This is not to denigrate Hatsumi or Hayes. Both have their agendas, and that is the normal way of things. The thing is not to take everything you hear as gospel, and not to get so consumed by the words of others that you base your own sense of worth (in the arts) on how you esteem them. They are just human, after all. Hatsumi and Hayes have both gotten quite rich off this...

If you find yourself getting angry at Hayes (you use the term "hatred" to describe your feelings towards a man you have never met or had any correspondance with as far as I know), I would gently recommend that you look to yourself. Hayes has not betrayed you, he has simply not lived up to the image you had in your mind... or rather, others have knocked him down from the lofty position he occupied in your mind. And that is not a fault of Hayes, rather it is something in yourself that needs looking at.


----------



## jks9199 (Jul 21, 2009)

HKToshindo said:


> I started out with the long distance course. Then I flew to Japan and am here now.
> 
> Do not make my mistake. Not only do you ingrain habits before you can meet with a teacher that are hard to get rid of, but the habits Mr Hayes teaches are wrong according to all the teachers I have talked with here in Japan.
> 
> ...


You've highlighted the dangers of video learning, rather than using a video as a help and aid -- but you've overgeneralized into painting Stephen Hayes into some kind of evil greedy monster.

I don't know the exact extent of his training -- but a fair amount of it is documented.  He trained enough to have been listed by Hatsumi as a full instructor.  But then he went his own way, which is not the same as Hatsumi's.  I suspect Hayes also misunderstood some of the way in which things were handled, because the Japanese culture is very complex and very easy for non-Japanese to misunderstand.

You've got a chance now to learn the art directly, as it's being taught today.  Focus your efforts on learning as much as you can, as correctly as you can.  Don't worry about the past and your mis-steps; instead, train hard now.


----------



## Brian R. VanCise (Jul 21, 2009)

*It is best not to have wild swings one way or another.  *

You have now found your truth and I applaud you for going to the source and training with Sensei!  Congratulations on that decision!  However temper your new enthusiasm with restraint and train hard but in your case maybe  leave your past behind you!  From all accounts Mr. Hayes only sold you a DVD course and now you find that it does not meet up to what you experience in Japan. (like very much would)  That is okay but to go farther and try to nail him to the wall does you no good at all.  Instead focus on your training and continue on.  

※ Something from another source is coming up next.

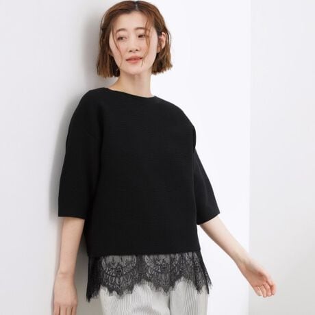 立体的な袖が映える、軽やかクロップドニット
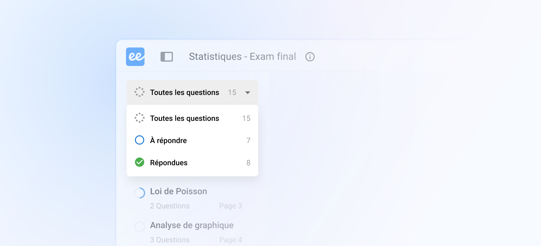 Nous avons clarifiĂ© lâinterface de lâexamen et ajoutĂ© la possibilitĂ© de filtrer les questions. Les Ă©tudiants peuvent maintenant facilement identifier les questions Ă rĂ©pondre restantes.

One thing that is good is that you now know learning from video tapes is pretty useless without a qualified instructor to show you the way.


----------



## Omar B (Jul 21, 2009)

These last couple posts are a great example of what happens when someone tries to learn from tape.  I think they should be stickied and possibly pasted in every thread pertaining to video learning.


----------



## Niko (Jul 23, 2009)

Omar B said:


> These last couple posts are a great example of what happens when someone tries to learn from tape. I think they should be stickied and possibly pasted in every thread pertaining to video learning.


 
That's a load of crap.   All that those posts show is that HKToshindo is a little unbalanced and didn't quite know what he was getting into.  If anything should be "stickied", it should be Chris Parker's most recent post!
But I do agree that any kind of home study course should be a supplement to face-to-face training and not the only form of study that the person does.  But I also believe that such courses provided a valuable service for those people that aren't close enough to study regularly with an instructor teaching what they want to learn.  Like anything, you get out of it what you put into it.  But there is no reason why a person with some athletic ability and dedication can't take a well-constructed home study course, work on it diligently, and make trips as often as possible to get hands-on training with people connected to the course.  From what I've seen, getting a Toshindo Black Belt through the home study course is no easy task.  Black Belt testing is done only in person with high-ranking instructors and is taken very seriously.

Keith


----------



## ToShinDoKa (Nov 10, 2009)

Niko said:


> From what I've seen, getting a Toshindo Black Belt through the home study course is no easy task. Black Belt testing is done only in person with high-ranking instructors and is taken very seriously.
> 
> Keith


 
:lool: I can testify to that statement.  Heck, I drove up 9 hours (18 hrs. R.T.) to Dayton for my BB testing and found out just how much I was not ready for it.  I allowed myself to get comfortable with my own ways of doing things instead of paying closer attention to the vids' advice and the advice from my friends at the closest Quest Center 4 hours away.  So, I took what I'd learned from just that one day there, amped up my training to five days a week, for at least 1 1/2 each day, and visited again 6 months later.  I went back thrice as confident and apparently performed thrice as well as I had the first time.  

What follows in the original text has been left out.